I recently stumbled upon some code that I had not seen in this form before. Maybe someone here can help me understand better what's going on.
Namely, I found a method annotated both with @RequestMapping
and @ExceptionHandler
. I thought that the former were for handling requests, while the latter were for handling exceptions, so I would have thought one normally uses either of both annotations, but not both at the same time.
I found the code snippet here: https://github.com/shopizer-ecommerce/shopizer/blob/2.5.0/sm-shop/src/main/java/com/salesmanager/shop/store/api/exception/RestErrorHandler.java#L24
The code snippet is:
@RequestMapping(produces = "application/json")
@ExceptionHandler(Exception.class)
@ResponseStatus(HttpStatus.INTERNAL_SERVER_ERROR)

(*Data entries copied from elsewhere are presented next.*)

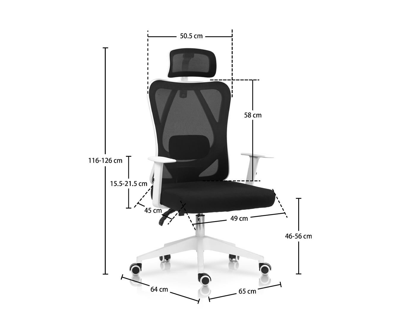 • Mekanisme ketinggian laras membolehkan anda menyesuaikan kerusi agar sesuai dengan keperluan khusus anda, memastikan kaki anda rata di atas tanah dan lutut anda berada pada sudut 90 darjah. Landrests boleh diselaraskan untuk memberikan sokongan yang sempurna untuk lengan anda, mengurangkan ketegangan pada bahu dan leher anda. Sokongan lumbar yang dibina ke dalam backrest menggalakkan postur yang betul, meningkatkan keselesaan dan produktiviti keseluruhan.
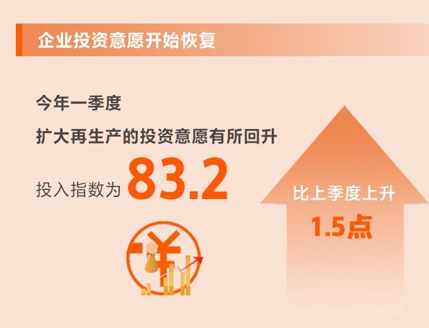 各地投向基礎(chǔ)領(lǐng)域、短板領(lǐng)域、科技創(chuàng)新領(lǐng)域的項(xiàng)目和計(jì)劃增多,企業(yè)對(duì)未來的信心有所增強(qiáng),擴(kuò)大再生產(chǎn)的投資意愿有所回升。一季度,投入指數(shù)為83.2,比上季度上升1.5點(diǎn),所調(diào)查的8個(gè)行業(yè)投入指數(shù)均上升。
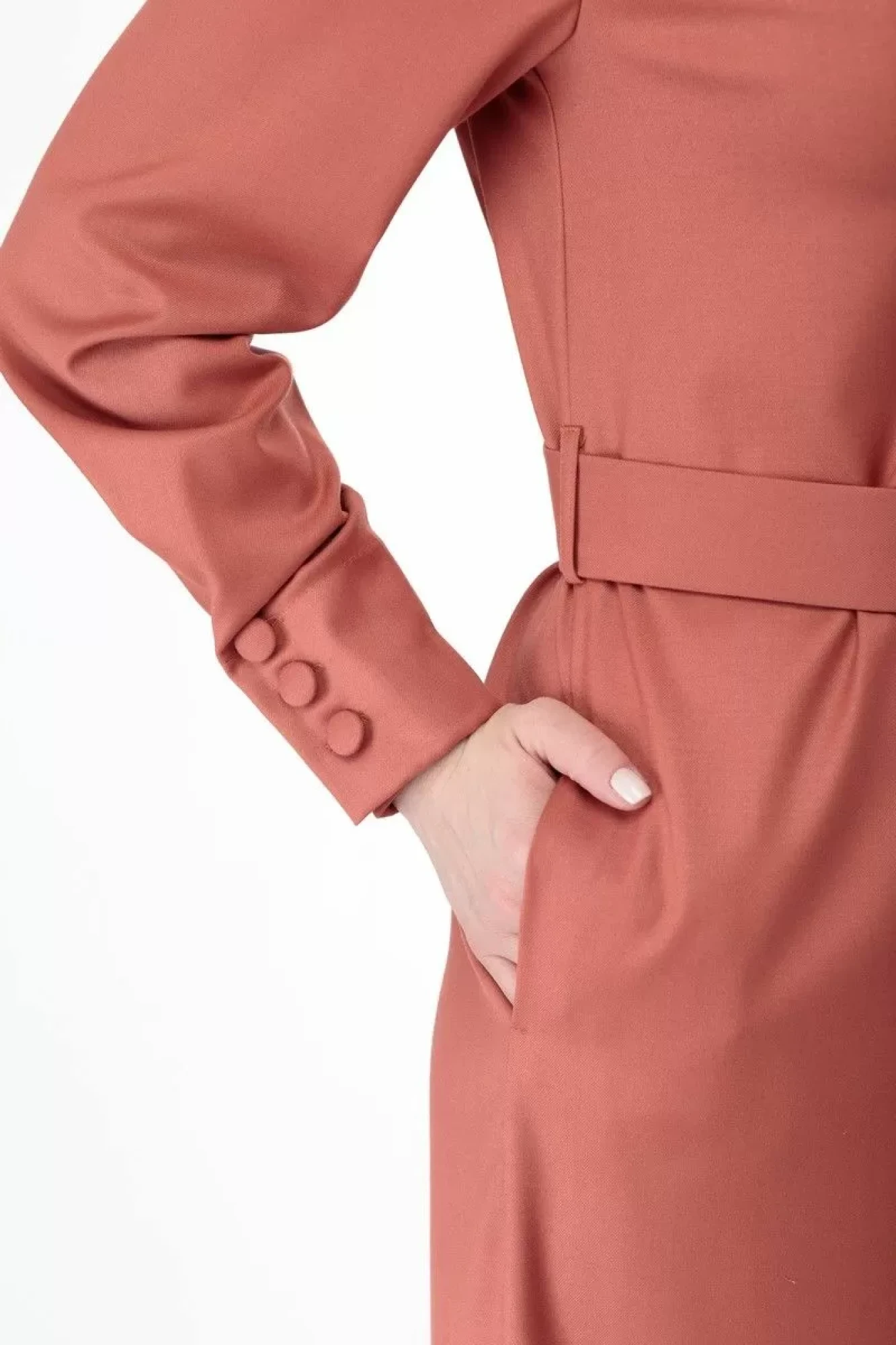 54выполнено из ткани плательно-костюмной группы в красивых оттенках голубого и терракота. Без подкладки.
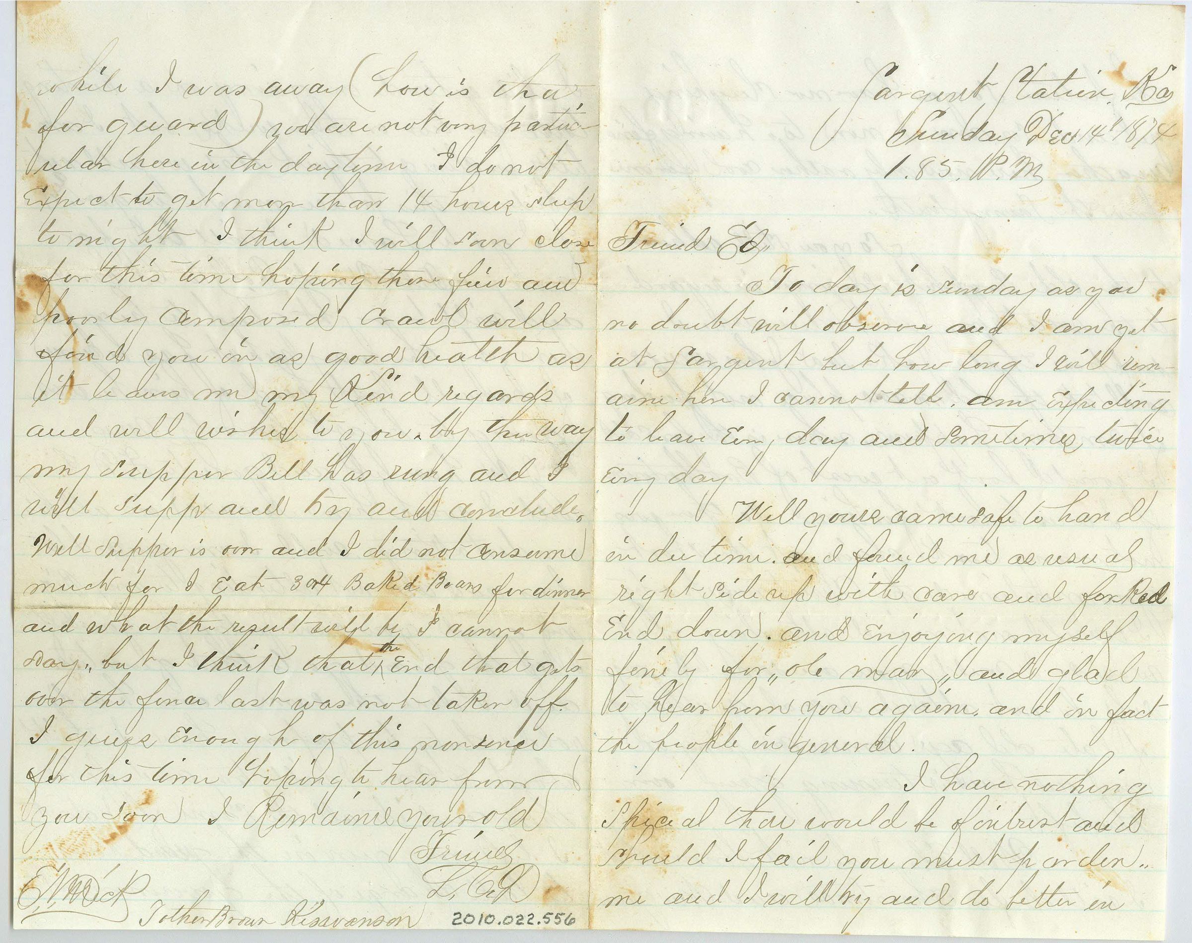 Four page correspondence on a single folded piece of paper. The letter is addressed "Sargent Station, Ka, Sunday Dec 14 1874, 1.85.W.M., Friend Ed" and is signed on the fourth page (opposite the first page) "I remain yours old Friend, L.C.D".Collection
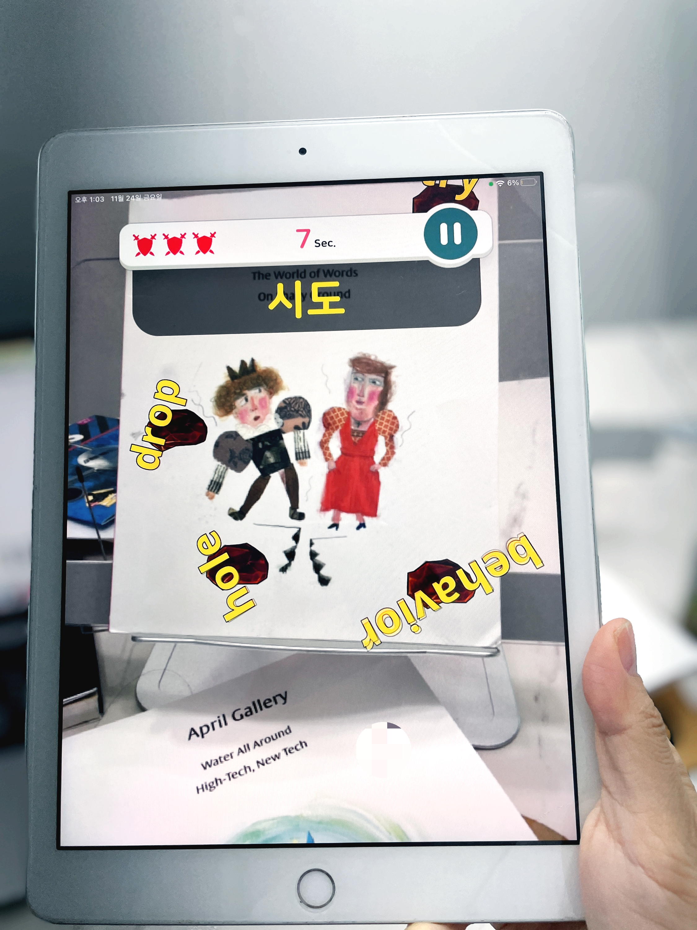 게임형식으로 하는 가상증강현실 어플인데요, 총 2~3단계의 게임형식의 학습이 있으며, 아이들이 재미있게 참여할수 있습니다. (주 1회)
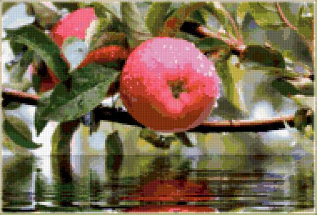Ориентировочно так, схема вышивки «71», созданная автором ostrovok_a, будет выглядеть при отшиве на канве. Размер данной вышивки равен 190x129 крестов, при этом используется 80 цветов. Ключевые слова, по которым можно найти эту схему: яблоко, вода. Также, вы можете взглянуть на оригинальную картинку, соответствующую данной схеме вышивки.

public @ResponseBody ErrorEntity handleServiceException(Exception exception) {
log.error(exception.getMessage(), exception);
ErrorEntity errorEntity = createErrorEntity(null, exception.getMessage(),
exception.getLocalizedMessage());
return errorEntity;
}
I have two questions:
- According to the Spring documentation on
@RequestMapping
, un-annotated method parameters (that are not of some special type) of a@RequestMapping
method are implicitly annotated with@ModelAttribute
(see "Any other argument" at the end of the table under the above link). So in the above code snippet, is theException
parameter implicitly annotated with@ModelAttribute
as well? And if yes, does that make sense? - Can it generally make sense to annotate a method with both
@RequestMapping
and@ExceptionHandler
(e.g., to handle both requests and exceptions), or would that be bad form?